The very strange language of A Midsummer Night’s Dream

I just got back from a fun and very educative trip to Shakespeare’s Globe in London, hosted by Dr Farah Karim-Cooper, who is director of research there.

The Globe stages an annual production aimed at schools (45,000 free tickets have been distributed over the past five years), and this year’s play is A Midsummer Night’s Dream. I was invited down to discuss the language of the play with the cast and crew as they begin rehearsals.

This was a fascinating opportunity for me to test our visualisation tools and analysis on a non-academic audience – and the discussions I had with the actors opened my eyes to applications of the tools we haven’t considered before. They also came up with a series of sharp observations about the language of the play in response to the linguistic analysis.

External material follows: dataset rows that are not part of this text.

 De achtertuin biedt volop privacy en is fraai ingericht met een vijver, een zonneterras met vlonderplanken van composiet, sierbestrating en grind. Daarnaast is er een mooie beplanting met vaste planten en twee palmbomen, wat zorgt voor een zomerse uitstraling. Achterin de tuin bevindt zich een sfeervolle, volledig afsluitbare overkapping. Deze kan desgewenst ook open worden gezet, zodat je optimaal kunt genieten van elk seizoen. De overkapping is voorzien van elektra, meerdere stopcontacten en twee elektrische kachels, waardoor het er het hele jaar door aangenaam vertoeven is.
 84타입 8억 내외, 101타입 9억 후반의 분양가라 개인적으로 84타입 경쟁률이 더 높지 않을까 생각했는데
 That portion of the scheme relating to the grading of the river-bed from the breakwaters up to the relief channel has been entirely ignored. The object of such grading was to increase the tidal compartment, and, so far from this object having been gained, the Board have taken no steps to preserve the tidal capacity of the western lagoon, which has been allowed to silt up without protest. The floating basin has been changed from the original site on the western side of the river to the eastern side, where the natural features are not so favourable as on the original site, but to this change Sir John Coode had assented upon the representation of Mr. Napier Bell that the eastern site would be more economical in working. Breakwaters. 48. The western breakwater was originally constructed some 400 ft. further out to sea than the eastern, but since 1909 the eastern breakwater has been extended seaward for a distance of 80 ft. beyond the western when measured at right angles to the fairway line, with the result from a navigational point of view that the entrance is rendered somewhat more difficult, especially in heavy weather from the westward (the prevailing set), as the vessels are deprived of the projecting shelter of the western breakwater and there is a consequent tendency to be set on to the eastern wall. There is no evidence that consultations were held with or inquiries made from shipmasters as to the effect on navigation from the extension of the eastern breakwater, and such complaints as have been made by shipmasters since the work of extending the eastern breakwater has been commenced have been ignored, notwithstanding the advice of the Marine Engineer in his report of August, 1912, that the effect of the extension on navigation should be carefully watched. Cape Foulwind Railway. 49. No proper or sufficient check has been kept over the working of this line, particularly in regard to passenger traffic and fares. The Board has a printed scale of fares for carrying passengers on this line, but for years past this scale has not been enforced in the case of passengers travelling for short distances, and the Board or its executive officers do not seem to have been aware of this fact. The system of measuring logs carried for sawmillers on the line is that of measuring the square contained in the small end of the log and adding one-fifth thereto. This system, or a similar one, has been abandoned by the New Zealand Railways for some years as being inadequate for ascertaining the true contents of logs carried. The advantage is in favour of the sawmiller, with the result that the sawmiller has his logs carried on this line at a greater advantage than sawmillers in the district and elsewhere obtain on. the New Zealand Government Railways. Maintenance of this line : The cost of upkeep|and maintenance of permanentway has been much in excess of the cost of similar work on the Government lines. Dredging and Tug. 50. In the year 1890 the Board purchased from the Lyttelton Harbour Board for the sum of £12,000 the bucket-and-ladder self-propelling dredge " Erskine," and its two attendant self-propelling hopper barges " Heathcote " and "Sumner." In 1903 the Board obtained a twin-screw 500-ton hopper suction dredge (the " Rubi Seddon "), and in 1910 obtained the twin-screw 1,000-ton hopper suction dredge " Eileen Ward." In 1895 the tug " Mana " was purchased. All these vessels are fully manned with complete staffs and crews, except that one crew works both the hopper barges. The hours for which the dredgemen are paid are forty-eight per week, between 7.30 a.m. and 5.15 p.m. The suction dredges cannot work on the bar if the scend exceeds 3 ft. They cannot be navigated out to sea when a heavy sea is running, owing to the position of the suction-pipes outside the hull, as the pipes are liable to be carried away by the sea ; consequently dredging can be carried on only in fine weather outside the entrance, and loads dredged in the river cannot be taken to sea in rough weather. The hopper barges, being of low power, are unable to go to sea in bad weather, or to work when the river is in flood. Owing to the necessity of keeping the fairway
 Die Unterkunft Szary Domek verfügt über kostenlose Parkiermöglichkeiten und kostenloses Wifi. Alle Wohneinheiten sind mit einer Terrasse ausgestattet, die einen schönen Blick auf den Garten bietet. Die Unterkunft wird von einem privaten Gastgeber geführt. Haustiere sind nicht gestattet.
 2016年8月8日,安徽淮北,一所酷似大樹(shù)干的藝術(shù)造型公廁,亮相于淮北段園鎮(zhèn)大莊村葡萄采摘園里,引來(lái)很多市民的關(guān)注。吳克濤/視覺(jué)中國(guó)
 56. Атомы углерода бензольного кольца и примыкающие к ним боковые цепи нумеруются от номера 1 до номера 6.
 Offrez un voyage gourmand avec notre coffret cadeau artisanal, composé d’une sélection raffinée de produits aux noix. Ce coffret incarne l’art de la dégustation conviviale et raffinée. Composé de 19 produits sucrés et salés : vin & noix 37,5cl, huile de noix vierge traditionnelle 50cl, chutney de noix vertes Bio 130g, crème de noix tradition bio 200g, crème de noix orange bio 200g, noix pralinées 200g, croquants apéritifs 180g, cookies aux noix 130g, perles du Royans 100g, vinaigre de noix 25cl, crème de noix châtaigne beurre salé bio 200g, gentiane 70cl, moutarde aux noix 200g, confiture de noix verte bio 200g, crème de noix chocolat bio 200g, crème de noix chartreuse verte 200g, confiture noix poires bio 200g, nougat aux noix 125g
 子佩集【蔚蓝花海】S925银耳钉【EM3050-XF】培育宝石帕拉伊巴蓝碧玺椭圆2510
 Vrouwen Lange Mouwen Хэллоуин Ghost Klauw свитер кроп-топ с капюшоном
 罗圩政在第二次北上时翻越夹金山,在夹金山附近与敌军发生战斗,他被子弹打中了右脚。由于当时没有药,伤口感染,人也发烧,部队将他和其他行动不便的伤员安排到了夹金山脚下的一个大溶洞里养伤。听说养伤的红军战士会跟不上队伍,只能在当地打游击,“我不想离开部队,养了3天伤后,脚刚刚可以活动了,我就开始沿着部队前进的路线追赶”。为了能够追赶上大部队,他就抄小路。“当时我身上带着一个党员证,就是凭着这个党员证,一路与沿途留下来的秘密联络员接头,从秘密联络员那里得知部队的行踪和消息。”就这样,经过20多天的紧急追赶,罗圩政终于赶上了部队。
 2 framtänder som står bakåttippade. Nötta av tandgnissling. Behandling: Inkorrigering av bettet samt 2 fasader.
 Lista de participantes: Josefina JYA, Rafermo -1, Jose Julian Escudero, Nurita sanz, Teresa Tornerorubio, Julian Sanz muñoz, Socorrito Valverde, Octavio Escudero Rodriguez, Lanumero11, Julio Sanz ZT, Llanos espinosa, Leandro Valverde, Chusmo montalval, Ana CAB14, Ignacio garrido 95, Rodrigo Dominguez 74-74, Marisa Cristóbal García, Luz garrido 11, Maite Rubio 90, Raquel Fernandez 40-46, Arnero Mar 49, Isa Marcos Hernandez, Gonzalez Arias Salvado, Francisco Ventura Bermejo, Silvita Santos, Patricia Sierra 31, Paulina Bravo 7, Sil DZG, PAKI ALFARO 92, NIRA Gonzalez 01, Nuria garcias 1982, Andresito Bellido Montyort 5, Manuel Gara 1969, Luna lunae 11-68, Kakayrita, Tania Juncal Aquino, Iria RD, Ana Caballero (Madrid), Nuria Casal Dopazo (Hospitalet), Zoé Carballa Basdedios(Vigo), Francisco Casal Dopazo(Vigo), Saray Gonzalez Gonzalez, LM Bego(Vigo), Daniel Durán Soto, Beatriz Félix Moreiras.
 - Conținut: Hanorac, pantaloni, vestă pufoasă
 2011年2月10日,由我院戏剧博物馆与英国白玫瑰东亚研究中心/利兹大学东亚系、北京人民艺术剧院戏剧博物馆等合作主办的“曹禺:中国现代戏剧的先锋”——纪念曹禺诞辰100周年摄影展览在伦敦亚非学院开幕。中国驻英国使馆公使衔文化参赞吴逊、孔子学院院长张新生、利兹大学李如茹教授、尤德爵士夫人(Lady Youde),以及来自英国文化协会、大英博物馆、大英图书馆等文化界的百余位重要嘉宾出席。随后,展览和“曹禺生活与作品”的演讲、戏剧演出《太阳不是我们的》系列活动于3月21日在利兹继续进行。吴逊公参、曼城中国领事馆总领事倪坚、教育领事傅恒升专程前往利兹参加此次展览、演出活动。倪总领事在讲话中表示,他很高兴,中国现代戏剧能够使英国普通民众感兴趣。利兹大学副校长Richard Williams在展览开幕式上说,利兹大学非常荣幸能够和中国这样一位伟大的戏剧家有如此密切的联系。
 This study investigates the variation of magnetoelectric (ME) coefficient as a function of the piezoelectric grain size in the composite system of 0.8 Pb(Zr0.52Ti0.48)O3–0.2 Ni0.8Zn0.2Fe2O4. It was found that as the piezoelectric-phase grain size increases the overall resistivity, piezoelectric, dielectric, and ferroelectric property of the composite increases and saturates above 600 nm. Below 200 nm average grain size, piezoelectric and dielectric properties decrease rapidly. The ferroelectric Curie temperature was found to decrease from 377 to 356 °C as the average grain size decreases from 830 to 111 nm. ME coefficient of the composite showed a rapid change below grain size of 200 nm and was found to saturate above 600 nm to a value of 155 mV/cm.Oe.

I began with a tool developed by Martin Mueller’s team at Northwestern University: Wordhoard, as a way of getting a quick overview of the lexical patterns in the play, and introducing people to thinking statistically about language.

Here’s the wordcloud Wordhoard generates for a loglikelihood analysis of MSND compared with the whole Shakespeare corpus:


Loglikelihood takes the frequencies of words in one text (in this case MSND) and compares them with the frequencies of words in a comparison, or reference, sample (in this case, the whole Shakespeare corpus). It identifies the words that are used significantly more or less frequently in the analysis text than would be expected given the frequencies found in the comparison sample. In the wordcloud, the size of a word indicates how strongly its frequency departs from the expected. Words in black appear more frequently than we would expect, and words in grey appear less frequently.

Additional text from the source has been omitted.